Interviews 6 Jun 2013

Race Recap: Jay Wilson

MotoOnline.com.au checks in with GYTR Yamaha's Jay Wilson following his impressive wild card MX2 debut.

With a weekend off on his regular Monster Energy MX Nationals MXD schedule, Jay Wilson was offered a wild card entry into the MX2 class at Conondale’s round five.

Rocking his retro-themed 30th anniversary, number 51 GYTR Yamaha, Wilson took to the Queensland circuit and put together a strong 5-7 moto scorecard for fourth overall on debut in the MX2 class.

MotoOnline.com.au caught up with the 18-year-old today to chat about his Conondale performance, his thoughts on the MXD and MX2 classes and his plans for the second half of the series.

Jay Wilson's fourth overall MX2 finish on debut is certainly a sign of big things to come from the likeable Queenslander. Image: Simon Makker/Makkreative.com.

Jay Wilson’s fourth overall MX2 finish on debut is certainly a sign of big things to come from the likeable Queenslander. Image: Simon Makker/Makkreative.com.

You took the wild card entry into the MX2 class for Conondale and obviously went very well with a fourth overall, how does it feel to get such a strong result on debut?

It was great, I’m pretty pumped with it. I was there to go have fun, it was the 30th anniversary for Yamaha so we had the whole retro look going and it was just a fun weekend.

I had no pressure on me, I just went there to do what I could do. I got some good starts, better than what they have been all season. I’ve been working pretty hard with AlterEgoElite, myself and Luke Clout have just been practicing starts all year.

I finally feel like I’m starting to get somewhere with my starts now and it was all good, I really enjoyed it and had fun.

What were your initial expectations heading into the event. You said you went in there to have fun, so do you think that low-pressure, one off race mentality may have helped with your performance?

Yeah I’d say that probably helped a little bit too, but that’s just a thing I’ve been trying to do, that’s what I’m trying to do in this second half of the season – just go have fun and ride my motorbike.

I’ve probably put a lot of pressure on myself and it probably hasn’t helped me out a lot. So for this second half of the season I’m just going out to have fun now and to show what I can do.

You’re obviously preparing to move into the MX2 class next season, do you think this is a sign of things to come from Jay Wilson in 2014 after already getting your feet wet in that class?

Yeah, definitely. I wouldn’t say MXD is a bad class, but it’s just a lot of rookies come into that class and all they want to do is win. They’ve got plenty of speed, but they can’t hold that speed and they don’t know how to deal with it under pressure.

So there’s a lot of carnage that happens in that class and that’s the stuff that I’m getting caught up with. In MX2 they’re a lot smarter and that’s the thing I’m looking forward to it that class. I got my feet wet in MX2 and I’m really looking forward to it.

I haven’t done a lot of 30-minute motos this year, so that was a little bit different. But I think with some time to get ready for MX2, I should be looking good for the following year and hopefully we can work something out.

Wilson means business when it's time to hit the track and he proved he has what it takes to tackle the MX2 class in 2014. Image: Simon Makker/Makkreative.com.

Wilson means business when it’s time to hit the track and he proved he has what it takes to tackle the MX2 class in 2014. Image: Simon Makker/Makkreative.com.

You mentioned the MX2 riders being a smarter bunch on the track, so overall what did you find to be biggest difference between the two classes for you?

In MX2, those guys know how to sprint for the first three laps. Those guys can put a fast lap time down. In MXD they can also do it, but it’s out of control sprints. So that’s the biggest thing with MXD and MX2, I’ve been struggling with those MXD riders.

They sprint, but only so many of them can sprint at that speed without crashing. In MX2 those guys can sprint, settle in and run a 30-minute moto. That’s something I’ll work on, just my springs and things like that.

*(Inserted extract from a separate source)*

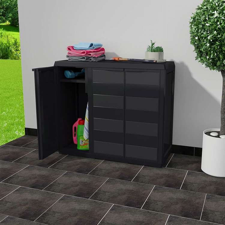 vidaXL ガーデン ストレージキャビネット 2段棚 黒色家具 キャビネット&収納 収納キャビネット・ロッカー(代引不可)

I’ve never been a really good qualifier, but that’s something I’m going to work on and I’m looking forward to the longer motos next year doing the 30s, that’s where I really improved – the last 10-minutes of motos, that’s probably my biggest strength.

Finally, you’re obviously have a rough MXD series sitting seventh overall currently. Heading into the mid-season break with a solid MX2 result under your belt, do you think this is the best situation possible for you to return at Appin and make a run at this title?

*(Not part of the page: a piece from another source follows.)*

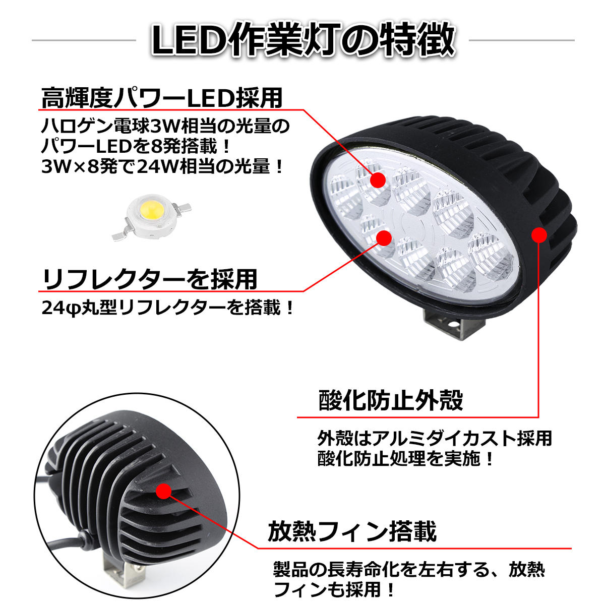 【2個セット】 LED ワークライト 作業灯 ライト 24W 12V 24V 兼用 防水 バイク 車 トラック フォグランプ バックランプ 補助灯 カスタム パーツ PZ177-2SET

Yeah, definitely. I’ve had the speed there all year, but I’ve just been getting caught up. Bad starts have been a big issue, but by the looks of it now we’ve got it all working and hopefully we can get some good starts and get out front.

This second half of the season I’m really just focusing on getting good starts, having fun and showing everyone what I can actually do. We’re going into Appin where I won last year, so it should be a good event.

In MXD these guys crash, they do whatever they can do. They put crazy sprint laps in and they crash. They’re rookies too, so there is going to be mistakes happening.

I’m definitely not doubting that we can’t win the championship from here. We’ll just keep taking it race by race and hopefully by the end of the season we can get back up front.